The operation followed a request by the Italian Maritime Rescue Co-Ordination Centre.

It came as a former Archbishop of Canterbury joined more than 200 religious leaders to call on British Prime Minister Theresa May to do more to help refugees fleeing Syria, Iraq and other warzones.

Lord Dr Rowan Williams will deliver a speech today as leaders of Britain's major faiths criticise the government's response to the crisis as "too slow, too low and too narrow".

Last week, the government announced it had secured enough local authority places to meet a pledge to resettle 20,000 Syrian refugees over the next four years.

And in a major u-turn earlier this year former Prime Minister David Cameron committed to accepting 3,000 unaccompanied children registered in France, Italy and Greece.

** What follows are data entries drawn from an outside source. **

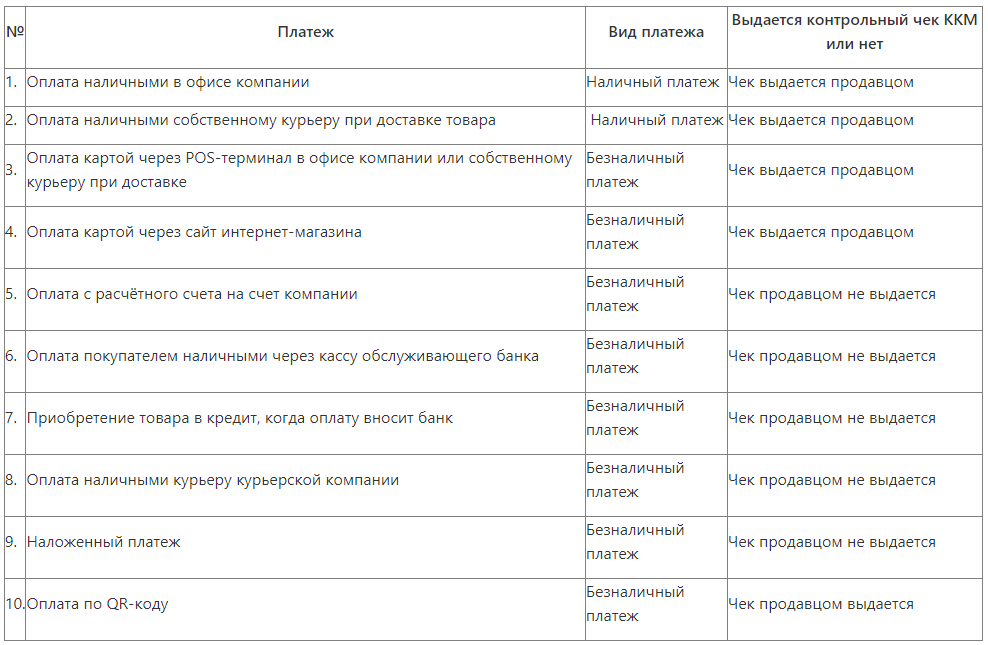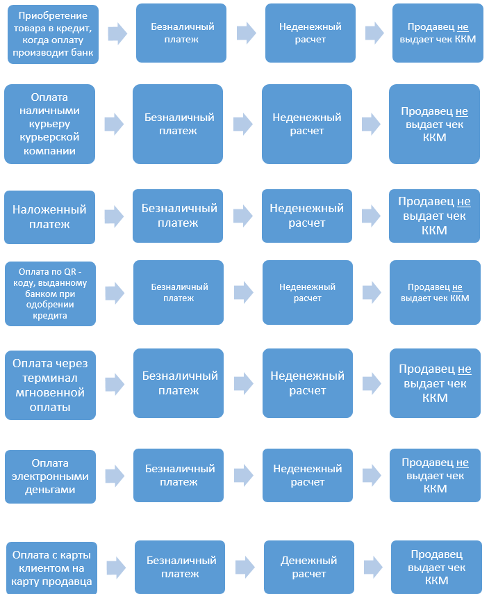 Мұнда ақшалай есеп айырысулармен мүмкін болатын операциялардың схемасы және әрбір нақты жағдайға қатысты фискалдық кассалық чек жасау қажеттілігі көрсетілген:
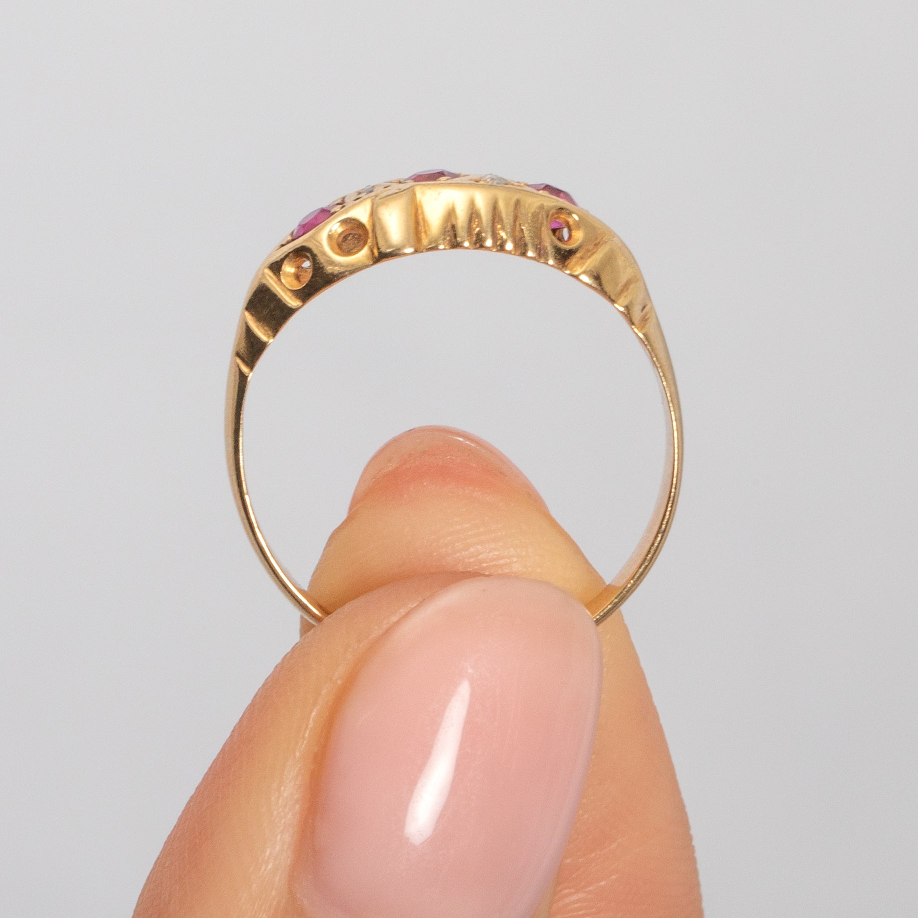 EXCELLENT. This antique 18ct Gold Ruby Diamond ring is in excellent condition throughout. The Gold is saturated and all of the details have remained crisp. The gemstones are all present and securely set, free from any chips or fleabites. With a full set of hallmarks on the inside of the band allowing us to accurately date her to 1919, this is a highly collectible ring ready to be adored for years to come!
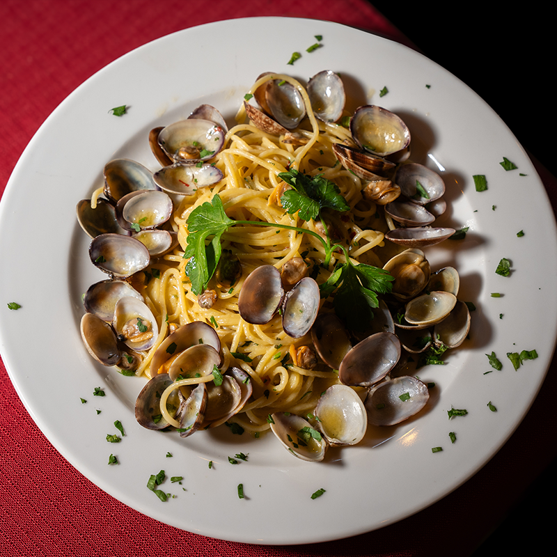 Spaghetti with clams, extra virgin olive oil, crushed red pepper and white wine sauce.
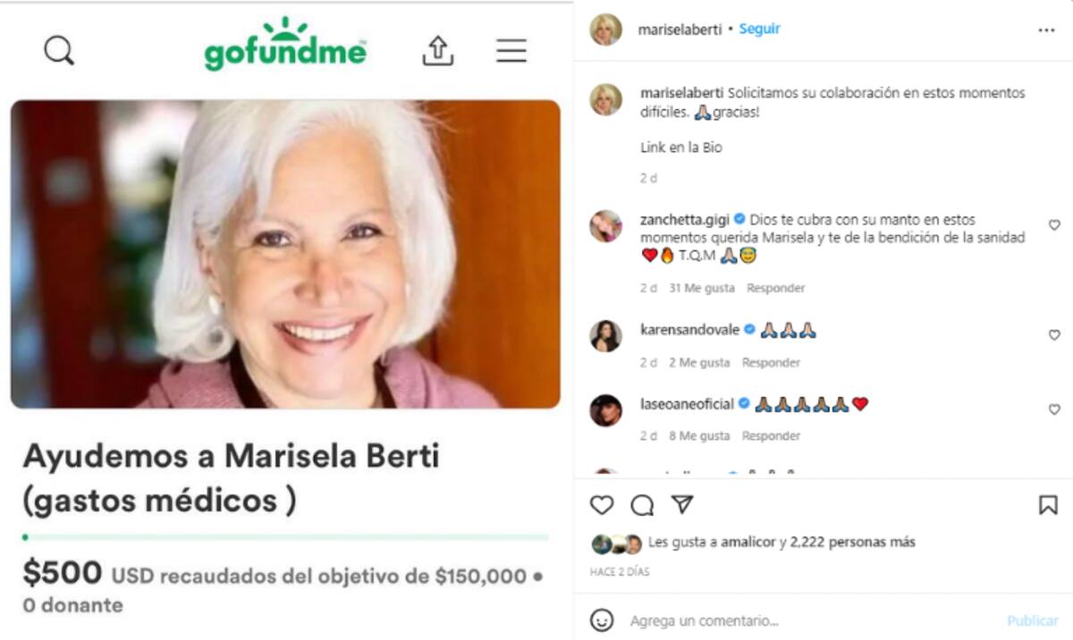 La actriz y cantante mexicana Mariana Seoane, aprovechó sus historias de Instagram para pedir apoyo a sus miles de seguidores para que se sumen a la recaudación de fondos en favor de Berti, a quien le tiene un gran cariño: “Les pido con todo mi corazón ayudemos a Marisela ¡uno de los seres que más amo!", escribió Mariana.
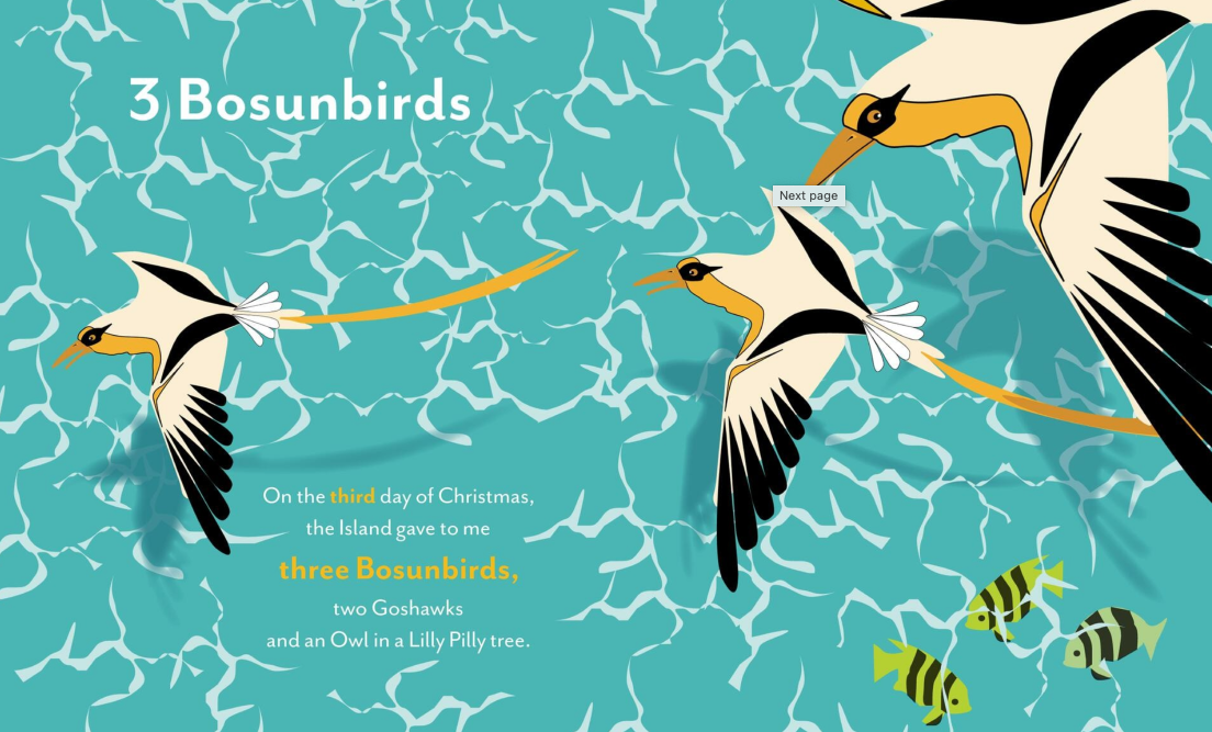 On the first day of Christmas, the Island gave to me, an owl in a Lilly Pilly tree. Australia’s Christmas Island is home to hundreds of species of birds, native plants and wildlife, many of which are not found anywhere else in the world. In this version of the much-loved Christmas song we celebrate the unique birds that live on this wild and remote island from the bright-red plumage of the Frigatebird to the iridescent green of the Emerald Dove.
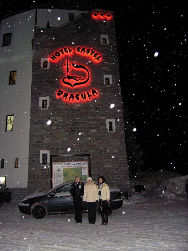 Утречком в воскресенье выдвинулись на Быстрицу (дорога из Тихуцы на Быстрицу - на прикрепленной фотке), за ней на Таргу-Муреш, и опять, как и 2 года назад, заезжаем отобедать в проверенный отличный ресторан в центре старого города Сигишоары, в дом где родился Влад Цепеш (Дракула). Въезд во внутренний двор цитадели Сигишоары сделали теперь платным (по $3 с авто), паркуемся... приходится немного отмахиваться от почему-то навязчивых в этот раз цыганчат (в прошлый раз они были не такими буйными), а сейчас прям чуть не открывают тебе двери в машине, чтоб ты побыстрее вышел и одарил их чем-то, из понятных нам слов - только фраза "уно эвро" , приходится немного уговаривать друзей, тех что на другой машине, чтоб все-таки не боялись и выходили из авто - им было попервах немного стремновато и боязно оставлять авто, но цыганчата достатчно радушные, хотят общения и абсолютно безвредны (я им обычно даю пакетик недопитого сока - они рады и такому)... Дворик в цитадели небольшой, все рядом - вот он памятник Владу, в 50м ресторан (дом где он родился), и еще 50м - вход на башню (она же местный исторический музей), виды с нее по-прежнему чудесны, появились таблички с указанием направлений на основные города мира и с указанием расстояний (есть и Киев, смотрим фотку - всего 624км по-прямой!) В ресторане обслужиает все тот же обходительный, манерный и прекрасно говорящий по-английски официант в одежде 19-го века. Вкуснота и скорость приготовления блюд - на высоте, как и во время предидущих визитов Выдвигаем дальше на Брашов, въехавши в который везде видны указатели на курортный поселок Пояна-Брашов. 15км по легкому серпантину и мы въезжаем в эту горнолыжную мекку Румынии. Первым делом едем к подъемникам дабы начать поиск отелей поближе к ним. Самые козырные отели (возле подъемников) - Мируна, Эскалад... цены за дабл в них 90-100евро/ (однако?!), да и нету такого, чтоб были свободны сразу 4 номера (отели эти небольшие) - сказалось то, что школьные каникулы еще не закончились, посему много туристов с детьми (коих мы потом во множестве наблюдали на легких "зеленых" горках и подъемниках). Продвигаясь дальше от подъемников мы проверили порядка 10-12 отелей, самым "бюджетным" оказался "Олимпик" ($30 за дабл, но полностью был занят спортсменами, условия/мебель тоже достаточно спартанские по сравнению с другими отелями). Были и такие, что стоят по 140-150евро (Пятра Маре, Миорица), в такую же немалую цену оказался случайно обнаруженный на отшибе новый стильный отель Замок Дракулы, помимо жестокой цены, от него еще й далече добираться до подъемников и ресторанчиков-колыб, но зато - практически в лесу После 2-х часов неспешного поиска остановились на очень хорошем варианте - Отель Роял 4*, что в переводе "с аглицкого" - королевский ... в нем таки по-королевски в апартаментах и в коридорах везде на полах ковры, имеется сауна ($6 в час вне завсимости от колличества посетителей, круглосуточно), комната с настольным теннисом. Отель небольшой, может на номеров 20. Сторговаться удалось на цене 60евро (или 75дол) за дабл с завтраком, который был достаточным и более-менее нормальным по выбору шведского стола, его хватало многим из нас, чтоб потом кататься на лыжах без обеда . Есть в отеле и комната-пивная с 3-мя металическими бочками с местным вином, которое мы и попробовали в первый же вечер (легкое десертное, пьется почти каск вода).
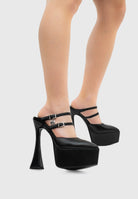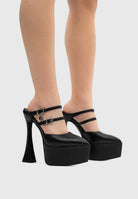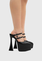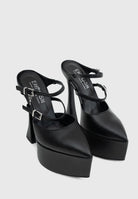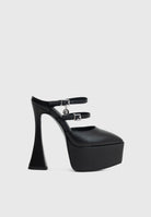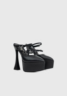 The dramatic maxi platform ensures balance and strong visual presence while maintaining a sleek feminine silhouette. The black color makes Sila a versatile statement piece, perfect for evening outfits, elegant styling, or bold minimalist looks.
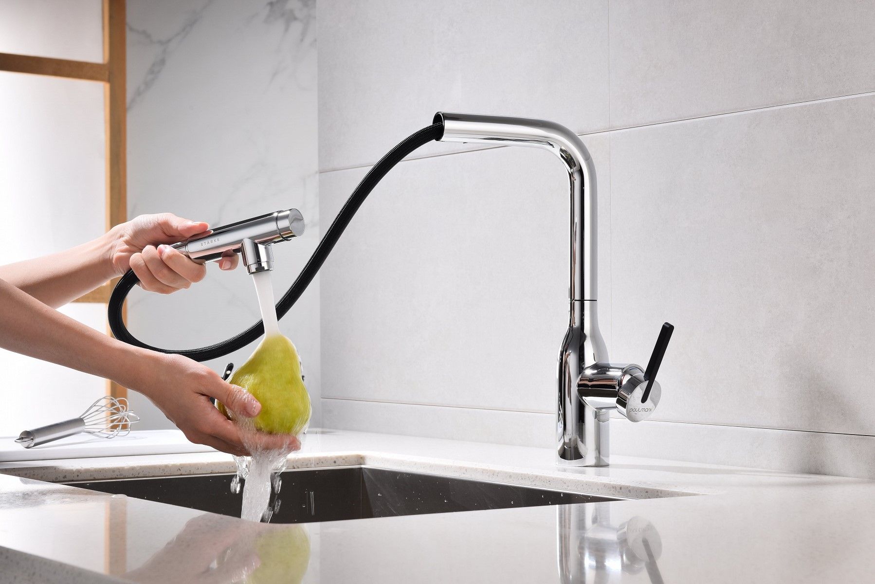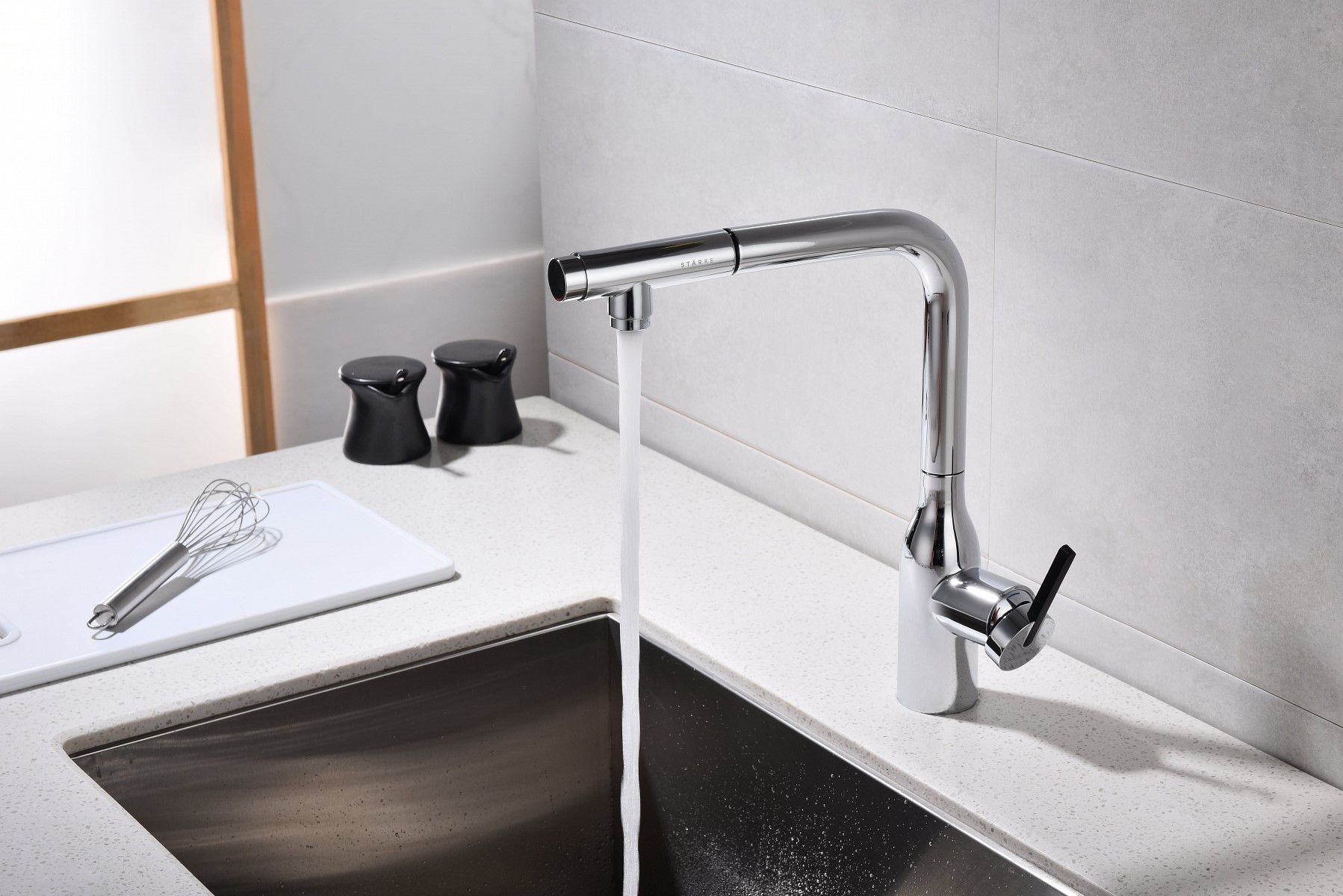 Высокий Г-образный излив с функцией вращения на 360 градусов обеспечивает удобство использования. Выдвижная часть излива способна обеспечить максимально комфортную эксплуатацию и экономный расход воды.
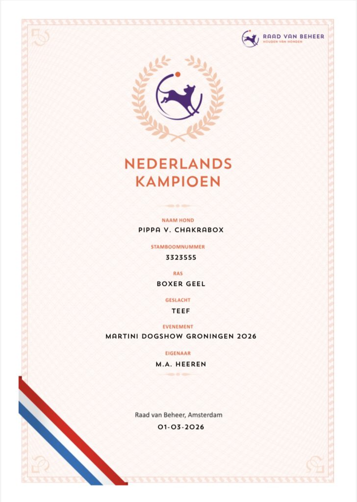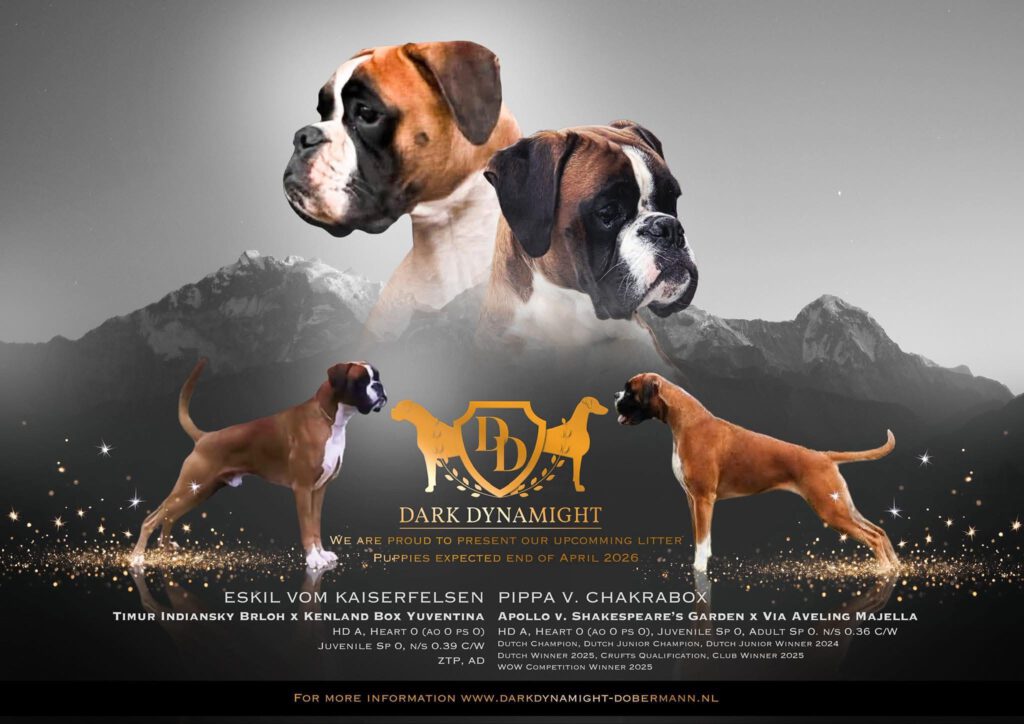 Als alles goed gaat, hoop ik begin 2026 een nestje boxers te krijgen van Pippa v. Chakrabox. Zij zal bij haar komende loopsheid gedekt gaan worden. Ook deze pups zullen in ons gezin geboren worden en in huiselijke kring worden grootgebracht. Voor meer informatie over dit nest, neem gerust contact met mij op.

But the Christian, Muslim and Jewish clerics, alongside lead representatives of other faiths, signed an open letter urging Mrs May to unblock rules preventing refugee families being reunited in the UK.

Their letter follows similar calls from around 300 top former judges and lawyers, approximately 120 of the world's senior economists, and 27 charities and NGOs.

Signatories to the letter include bishops and members of the House of Lords, including Baroness Rabbi Julia Neuberger, secretary general of the Muslim Council of Britain Harun Rashid Khan, as well as senior rabbis, imams and senior figures from other faiths.

Meanwhile, the European Union has said it will more than double emergency aid to Greece to improve living conditions for refugees and migrants who have been stranded in the country for months.

Just under 60,000 refugees and migrants are stuck in Greece after their attempts to head to central and northern Europe were prevented by a cascade of border shutdowns throughout the Balkans at the start of the year.